As ETFs and indexing makes the raw cost of “owning the market” cheaper and cheaper, the question arises of whether or how advisors can continue to justify an ongoing AUM fee for an investment portfolio. For some, the cost is justified by the alpha or portfolio-related “advisor gamma” value-adds that are provided; for others, the benefit is the inclusion of financial planning services; and for the rest, the benefit may just be to help protect clients from themselves and their self-imposed “behavior gap” on returns.
Yet the reality is that AUM fees are far more relevant for some of these services – like portfolio-related alpha – than others, and in some cases while some AUM fee is justified there is significant pricing pressure (e.g., providing portfolio-related gamma like automated rebalancing, tax-loss harvesting, and asset location). In some cases, the advisor provides so little actual portfolio-related value that the financial planning fee may become unbundled altogether.
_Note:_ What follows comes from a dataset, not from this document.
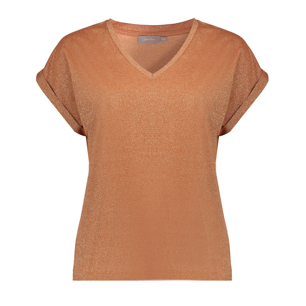 Geisha staat bekend om haar trendy en vrouwelijke kleding, en dit dames T-shirt is daar geen uitzondering op. Het bruine T-shirt is perfect voor de zomer, met korte mouwen en een V-hals. De opvallende oranje kleur geeft het shirt een speelse touch. Gemaakt van een mix van viscose, polyester en elastaan, zorgt dit T-shirt voor een comfortabele pasvorm. Een must-have voor elke vrouwelijke garderobe in 2026.

Notwithstanding the potential pressure to unbundle, though, a look at the landscape of the financial services industry suggests that, if anything, the trend remains towards AUM fees. The shift towards fee-based revenue has been increasingly adopted by even the largest firms, from wirehouses to Schwab Private Client to Vanguard Personal Advisor Services – often bundled together with comprehensive financial planning services that are either very low cost, or entirely free because their impact on retention rates and increased lifetime client value alone justifies their cost to deliver. Which means in the end, even the declining cost of beta may not be enough to end the AUM fee… though the fact that a huge swath of Americans cannot be served by AUM fees – because they don’t have the assets in the first place – means a wider range of financial-planning-fee-for-service models may be inevitable anyway!